Rather than schedule another meeting of the working group, however, Beruff last week decided to disband it and called a meeting for June 6 in Orlando in which the entire 37-member panel would adopt rules.

"In light of the extensive time required by the working group to continue its work and the likelihood that much of their discussion will need to be reiterated with the full Commission, I think you will agree that consensus on Rules must be achieved on an expedited timeline to ensure we can continue our very important commitment to Floridians," Beruff wrote in a letter to commissioners. He then ordered that proposed amendments be filed by noon on Thursday and offered no explanation for why he changed course.

But his fellow commissioners are not happy.

Sen. Tom Lee, R-Thonotosassa, appointed to the commission by House Speaker Richard Corcoran, filed an amendment late Wednesday that adopts the rules of the 1997-98 commission. In an email to other commissioners, he asks them to join him as a co-sponsor.

"What the working group did didn't go over well," Lee said. "This seems the most equitable way to proceed. This is a starting place."

Former Senate President Don Gaetz, a Niceville Republican appointed to the commission by Senate President Joe Negron, agrees the working group's efforts were shelved because Beruff and the governor's staff didn't like the results.

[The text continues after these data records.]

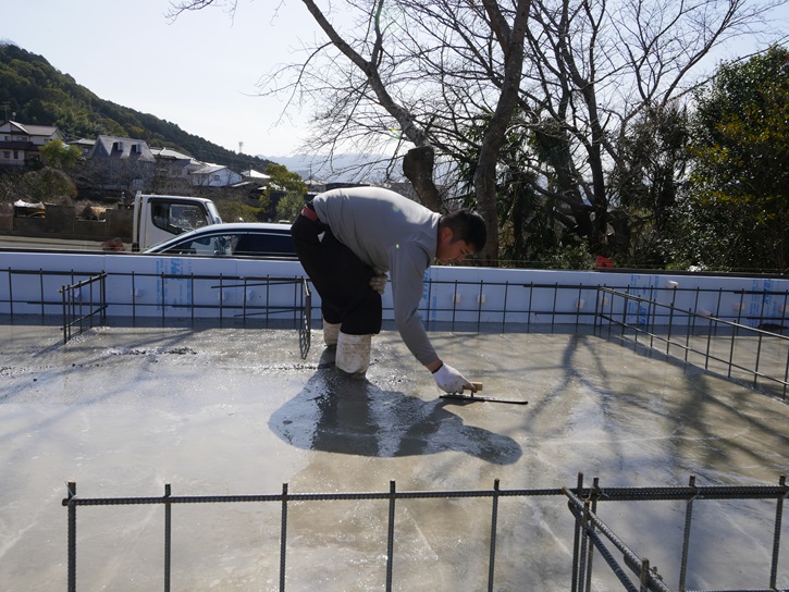 最後の基礎コンクリート全体の表面を金ゴテで綺麗に均します。
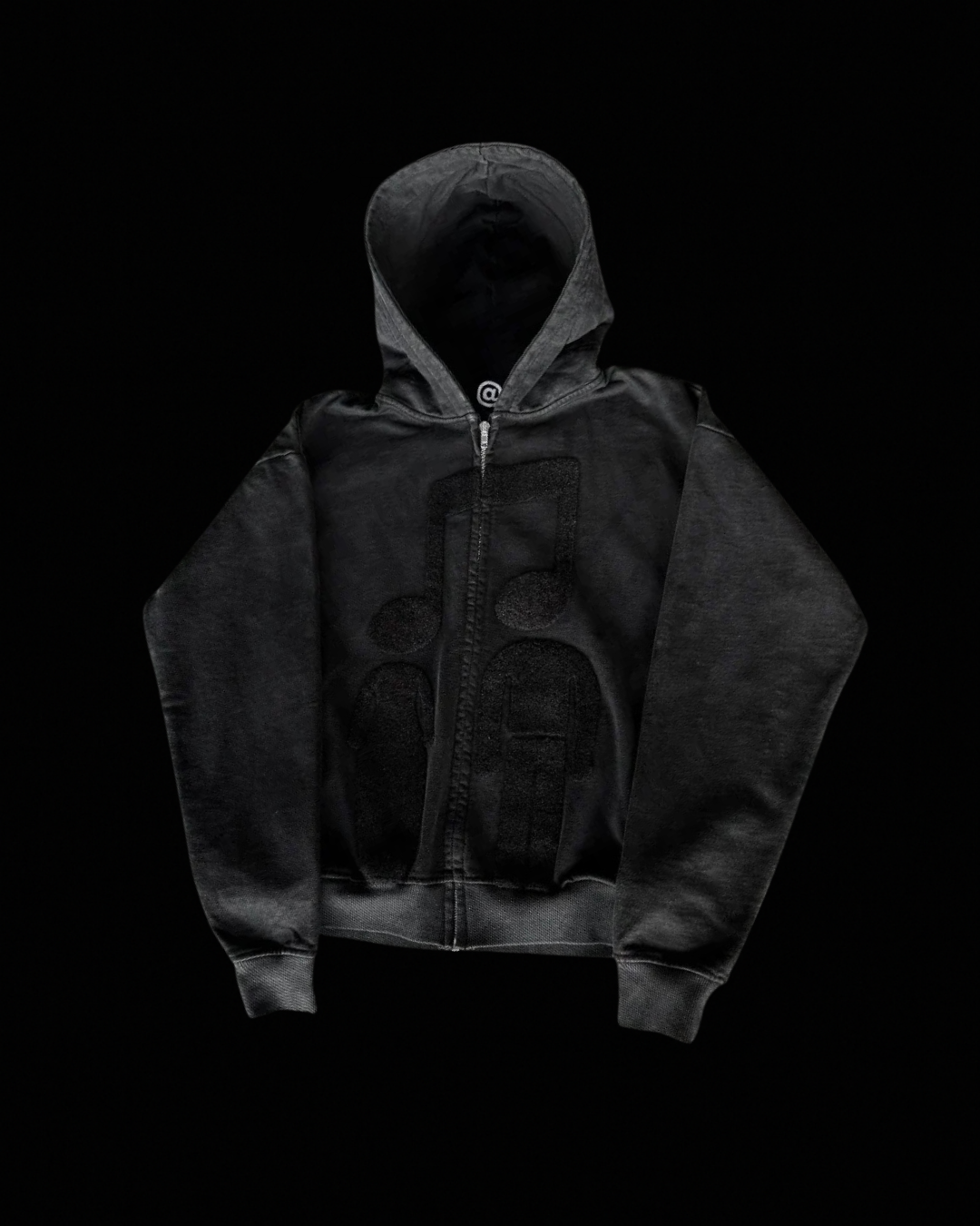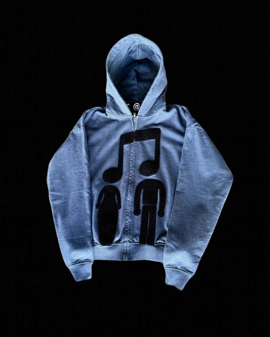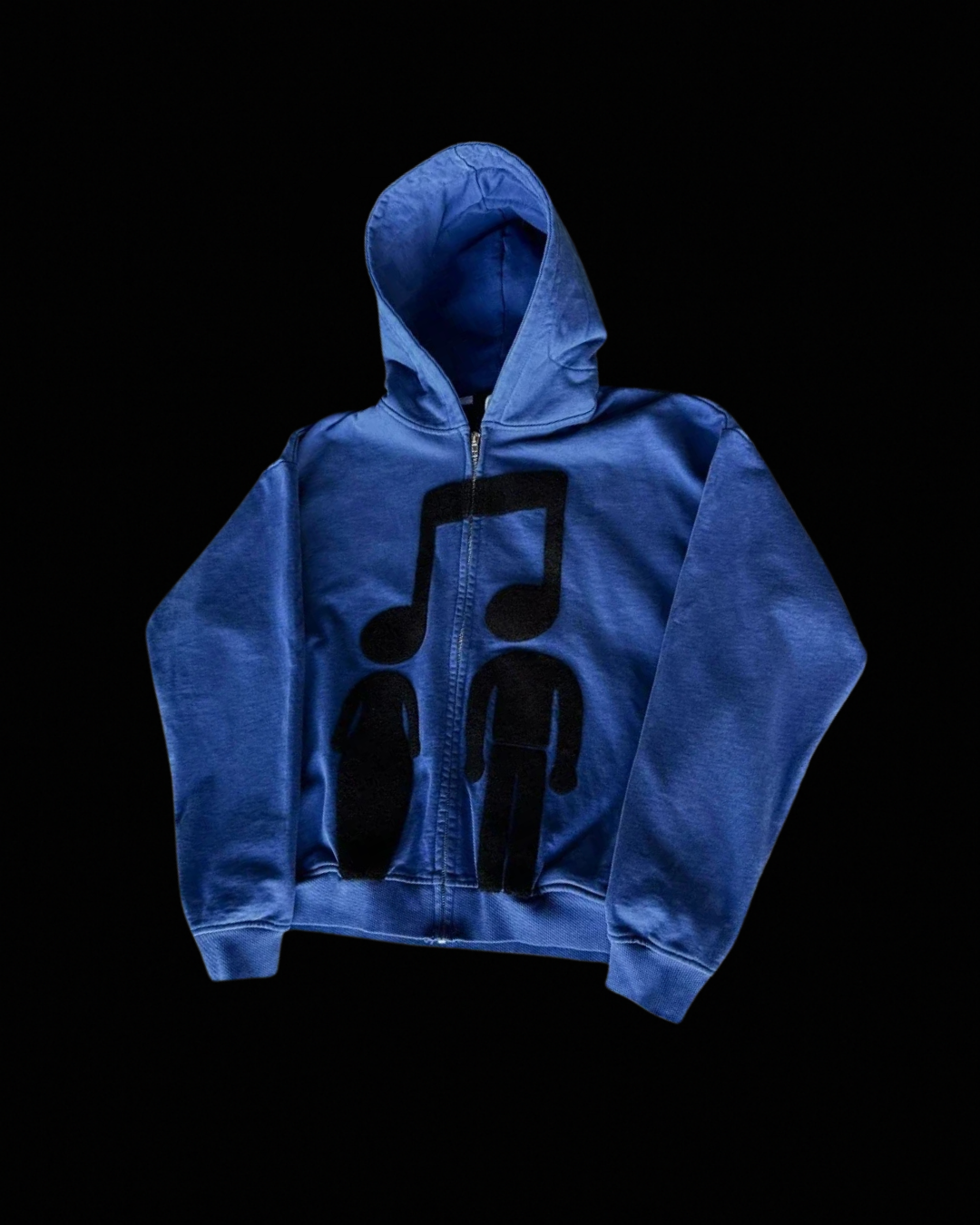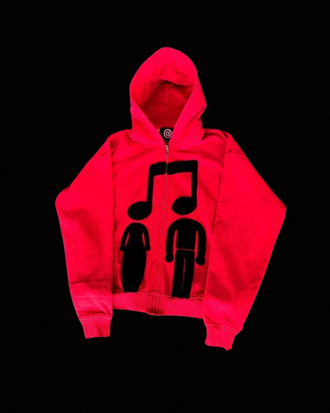 Pink full-zip hoodie with a bold black front graphic—oversized music notes above figure icons. Mid-weight, relaxed fit, split kangaroo pockets, and ribbed cuffs/hem. Cotton blend, true to size, and ready to ship.
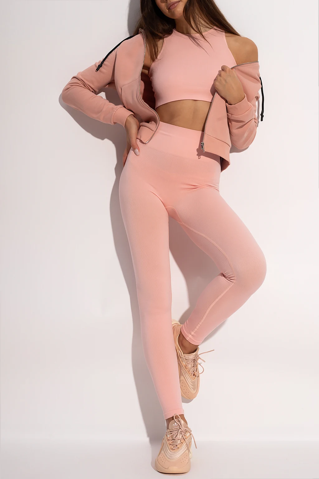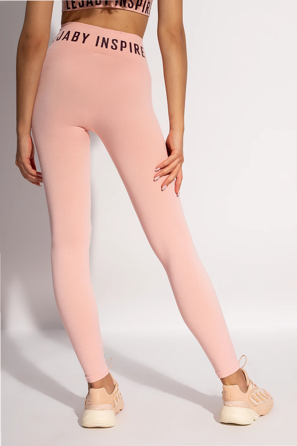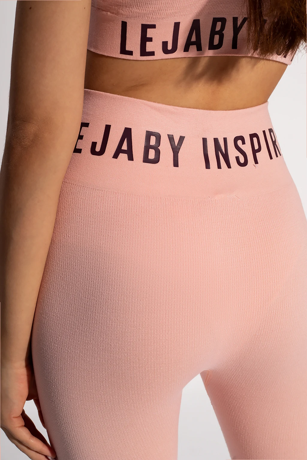 Light pink seamless leggings from Maison Lejaby. Crafted from floral fibres which ensure moderate compression for all activities where the body is in movement, this pair features an elasticated waistband and cuffs and a brown graphic print with the brand's logo on the back.

"The working group comprised of appointees from all branches of government has been dismissed, probably because we were coming to consensus on things that were not acceptable to those who were running the commission," Gaetz said. "There are independent, thoughtful people on this commission. What is called for is a presider — not a decider."

He added that because the commission has held nine public hearings without any rules, "it's kind of awkward. It would have been better to have settled how we are going to cooperate before we started operating."

Among the changes Beruff is seeking are provisions that will allow him to reject proposals by individual members or committees, send a proposal back to a committee after it has been amended in another committee — a tool used to effectively kill proposals — and give him sole discretion over what proposals will be referred to which committee.

He also proposes upending Florida sunshine laws: allowing members of the commission to meet for the first time with two or more members in secret.

Barbara Petersen, president of the non-profit First Amendment Foundation, warns that the commission should be considered an executive branch agency and must follow the open meeting provisions of Article I of the Florida Constitution or risk having everything it does invalidated. Instead, she said, Beruff's proposed rules apply the standard used by the Legislature — which allows for only meetings of more than two members to be considered an open meeting.

"If they adopt the legislative standards, rather than the Article I standard and somebody disagrees with what they've done and files a lawsuit, everything they've done is out the window," Petersen said.

Roberto Martinez, a Miami lawyer appointed to the commission by the Supreme Court, has proposed an amendment to the rules that adopts the stricter Sunshine Law standards.

"I feel very strongly this commission should be governed by the Sunshine Law," he said. "The two prior commissions were. This is very basic stuff. Every Floridians that has served on a government board or agency board has been subject to the Sunshine Law. This is not a mystery to anybody."

Through a spokeswoman, Beruff chose to refrain from responding to the criticism or answer why he decided to disband the working group.

"The ultimate objective is to include all commissioners in the rule development process during the open and transparent public meeting to be held on June 6," said Meredith Beatrice, commission spokesperson. She repeated what Beruff said in his letter to commissioners, that commissioners will have the opportunity to amend the rules.